Lee, Frank Y; Larimore, Jennifer; Faundez, Victor; Dell'Angelica, Esteban C; Ghiani, Cristina A.
Afiliação
  • Lee FY; Department of Human Genetics, David Geffen School of Medicine, University of California Los Angeles, Los Angeles, CA, USA.
  • Larimore J; Department of Biology, Agnes Scott College, Decatur, GA, USA.
  • Faundez V; Department of Cell Biology, Emory University, Atlanta, GA, USA.
  • Dell'Angelica EC; Department of Human Genetics, David Geffen School of Medicine, University of California Los Angeles, Los Angeles, CA, USA.
  • Ghiani CA; Department of Pathology & Laboratory Medicine, David Geffen School of Medicine, University of California Los Angeles, Los Angeles, CA, USA.

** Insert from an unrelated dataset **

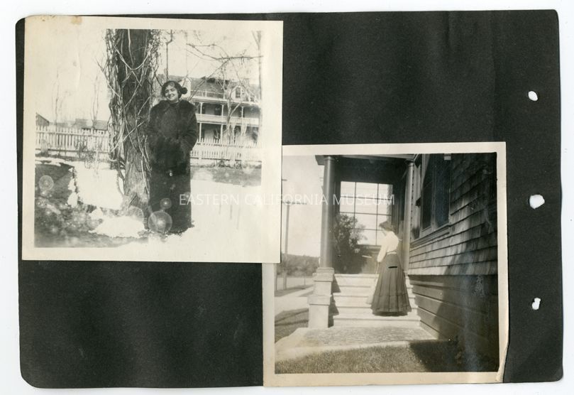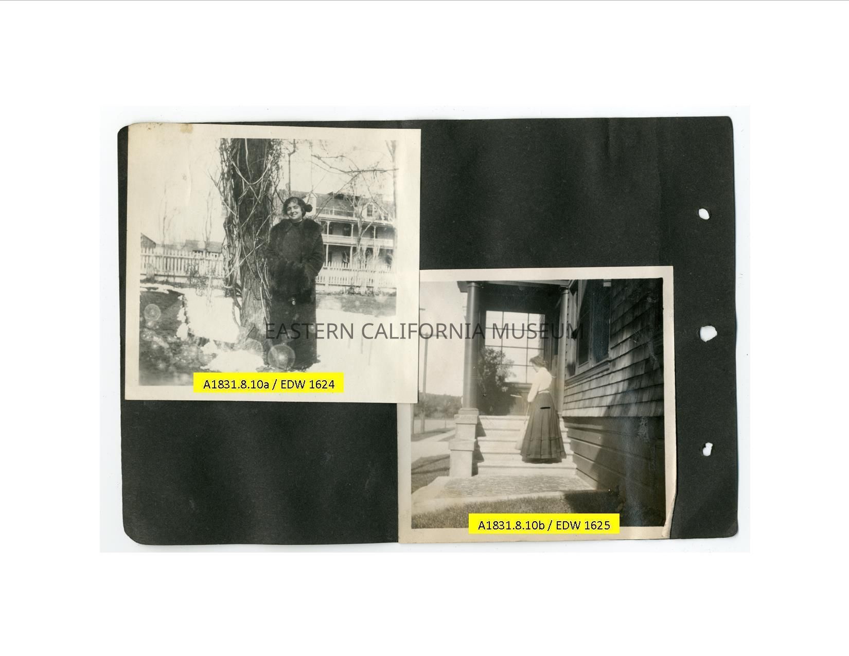 A1831.8.10a: Exterior photo of Helen Gunn wearing a full-length coat with fur trim in a snowy yard. The Norman House (hotel) is in the background.

J Neurosci Res ; 99(1): 67-89, 2021 01.
Article em En | MEDLINE | ID: mdl-32436302
The function(s) of the Biogenesis of Lysosome-related Organelles Complex-1 (BLOC-1) during brain development is to date largely unknown. Here, we investigated how its absence alters the trajectory of postnatal brain development using as model the pallid mouse. Most of the defects observed early postnatally in the mutant mice were more prominent in males than in females and in the hippocampus. Male mutant mice, but not females, had smaller brains as compared to sex-matching wild types at postnatal day 1 (P1), this deficit was largely recovered by P14 and P45. An abnormal cytoarchitecture of the pyramidal cell layer of the hippocampus was observed in P1 pallid male, but not female, or juvenile mice (P45), along with severely decreased expression levels of the radial glial marker Glutamate-Aspartate Transporter. Transcriptomic analyses showed that the overall response to the lack of functional BLOC-1 was more pronounced in hippocampi at P1 than at P45 or in the cerebral cortex. These observations suggest that absence of BLOC-1 renders males more susceptible to perinatal brain maldevelopment and although most abnormalities appear to have been resolved in juvenile animals, still permanent defects may be present, resulting in faulty neuronal circuits, and contribute to previously reported cognitive and behavioral phenotypes in adult BLOC-1-deficient mice.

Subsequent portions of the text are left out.